From the viewpoint of band engineering, the use of GaSb quantum nanostructures is expected to lead to highly efficient intermediate-band solar cells (IBSCs). In IBSCs, current generation via two-step optical excitations through the intermediate band is the key to the operating principle. This mechanism requires the formation of a strong quantum confinement structure. Therefore, we focused on the material system with GaSb quantum nanostructures embedded in AlGaAs layers. However, studies involving crystal growth of GaSb quantum nanostructures on AlGaAs layers have rarely been reported. In our work, we fabricated GaSb quantum dots (QDs) and quantum rings (QRs) on AlGaAs layers via molecular-beam epitaxy.
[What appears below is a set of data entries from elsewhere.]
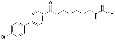 The reaction of ethyl 7-bromoheptanoate (I) with NaI, Zn, dibromoethane, LiCl and CuCN gives the organometallic derivative (II), which is condensed with 4-bromobenzoyl chloride (III) in THF to yield 8-(4-bromophenyl)-8-oxooctanoic acid ethyl ester (IV). The condensation of (IV) with 4-bromophenylboronic acid (V) by means of Pd(PPh3)4 and K2CO3 in hot toluene affords 8-(4'-bromobiphenyl-4-yl)-8-oxooctanoic acid ethyl ester (VI), which is hydrolyzed with NaOH in THF/methanol to provide the corresponding carboxylic acid (VII). Finally, this compound is treated with hydroxylamine, EDC, HOBt and TEA to obtain the target hydroxamic acid.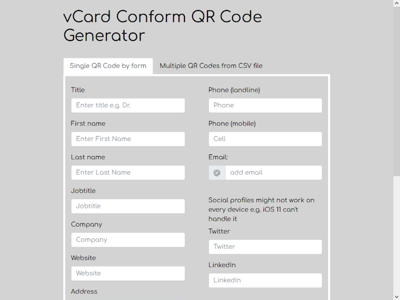 Bu araç, kişisel veya kurumsal iletişim bilgilerinizi hızlıca paylaşmanızı sağlayan bir vCard QR kod oluşturucudur. Web sitesinde doldurduğunuz bilgilerle anında bir QR kodu oluşturur. Bu QR kodu telefon kamerasıyla okutulduğunda, bilgiler otomatik olarak kişinin telefon rehberine kaydedilir.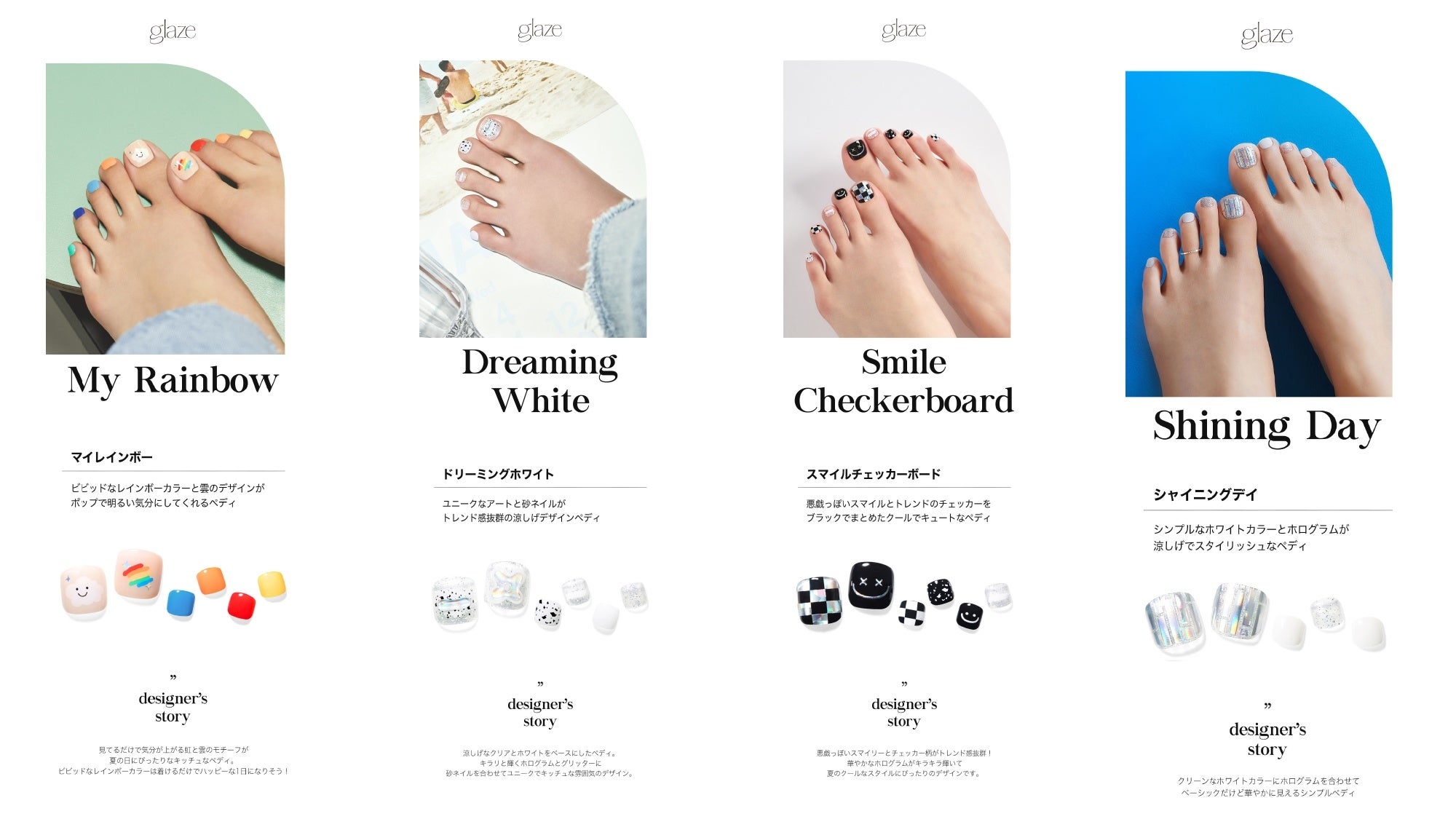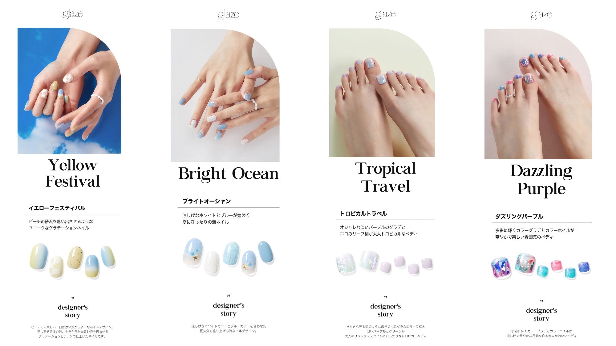 「マグネットネイル」他、公式先行発売にて20種ほど「Glaze」よりこの夏にぴったりな新しいデザインが新登場し、ビーチを思い出させるかのような明るく、また涼しげなデザインや、ペディだからこそ挑戦しやすいPOPで華やかなデザインなど取り揃えております。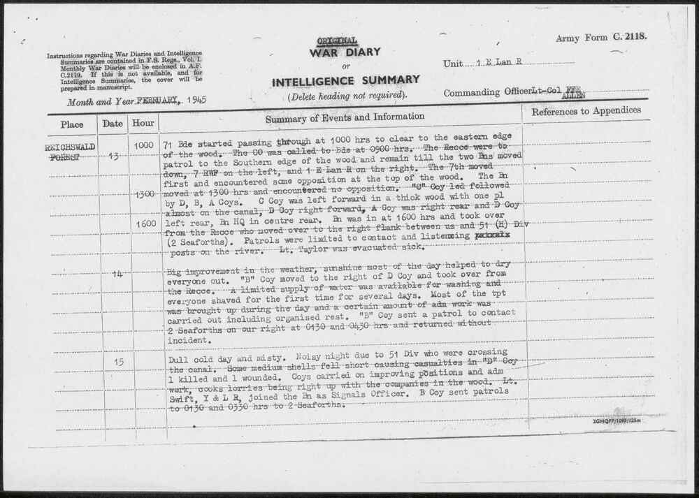 Oorlogsdagboek (War Diary) van 1st Battalion, East L...

Using the Stranski–Krastanov growth mode, we demonstrated that lens-shaped GaSb QDs can be fabricated on AlGaAs layers. In addition, atomic force microscopy measurements revealed that GaSb QDs could be changed to QRs under irradiation with an As molecular beam even when they were deposited onto AlGaAs layers. We also investigated the suitability of GaSb/AlGaAs QDSCs and QRSCs for use in IBSCs by evaluating the temperature characteristics of their external quantum efficiency. For the GaSb/AlGaAs material system, the QDSC was found to have slightly better two-step optical excitation temperature characteristics than the QRSC.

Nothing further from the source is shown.